Restricting the flow
Although many people assume dizziness can be caused by computer monitors directly, your posture could be causing your fits of dizziness. People who use computers for extended periods of time can suffer from pinched nerves which can affect the way signals reach the brain. One outcome: dizziness. Pinched nerves can also cause blood flow restriction, which can in turn cause dizziness.
Missing a meal
If you use a computer on a daily basis, but are only experiencing dizziness at specific times of the day, such as in the late afternoon, you may need an energy boost. Perhaps, to keep on top of all your assignments, you regularly work through your lunch-hour, with nothing but a fizzy drink to fuel you. Then, late in the afternoon, as you stare at the monitor in front of you, you start to feel a bit weird. Dizziness hits you, as does a sense of tiredness. Maybe you even feel disorientated. Your blood-sugar level could be plummeting. Quickly eat something nourishing and filling.

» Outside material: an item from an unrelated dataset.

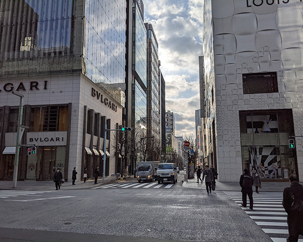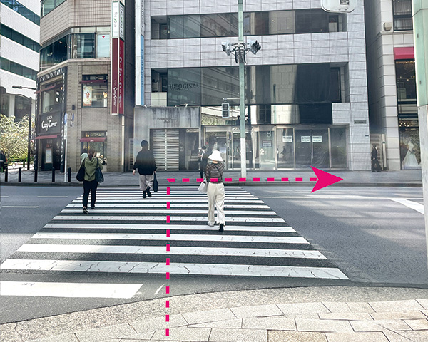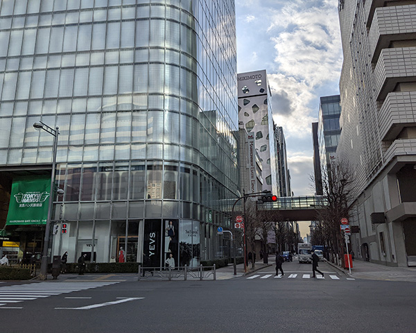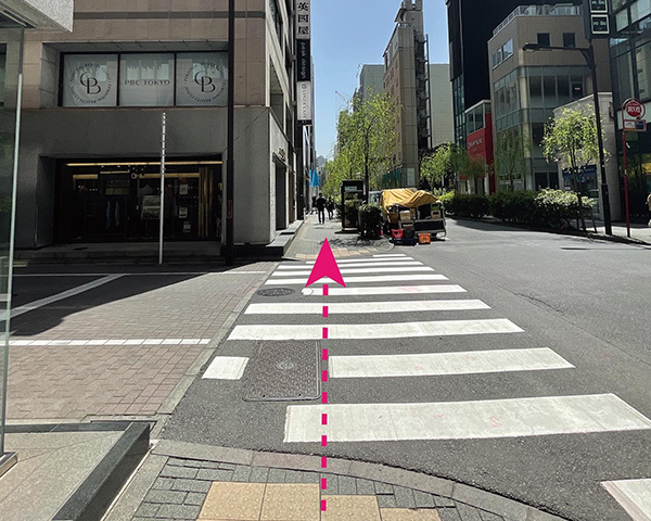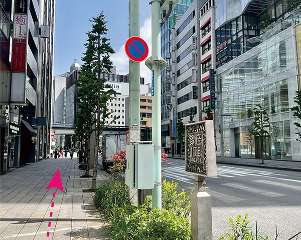 マロニエゲート(銀座西二丁目交差点)を渡りマロニエ通りを進みます。

As well as getting your eyes tested, there are a number of other ways you can lessen the likelihood of suffering dizzy fits at your desk. Reposition your monitor so as it's around an arm's length from your face and it's centre is between 10cm to 20cm below your horizontal line of vision. Reduce screen glare by installing an anti-glare filter. Take regular breaks from staring at your screen and be sure to blink regularly. Keeping your screen clean can also help. A build up of dust on your screen can make your eyes work harder.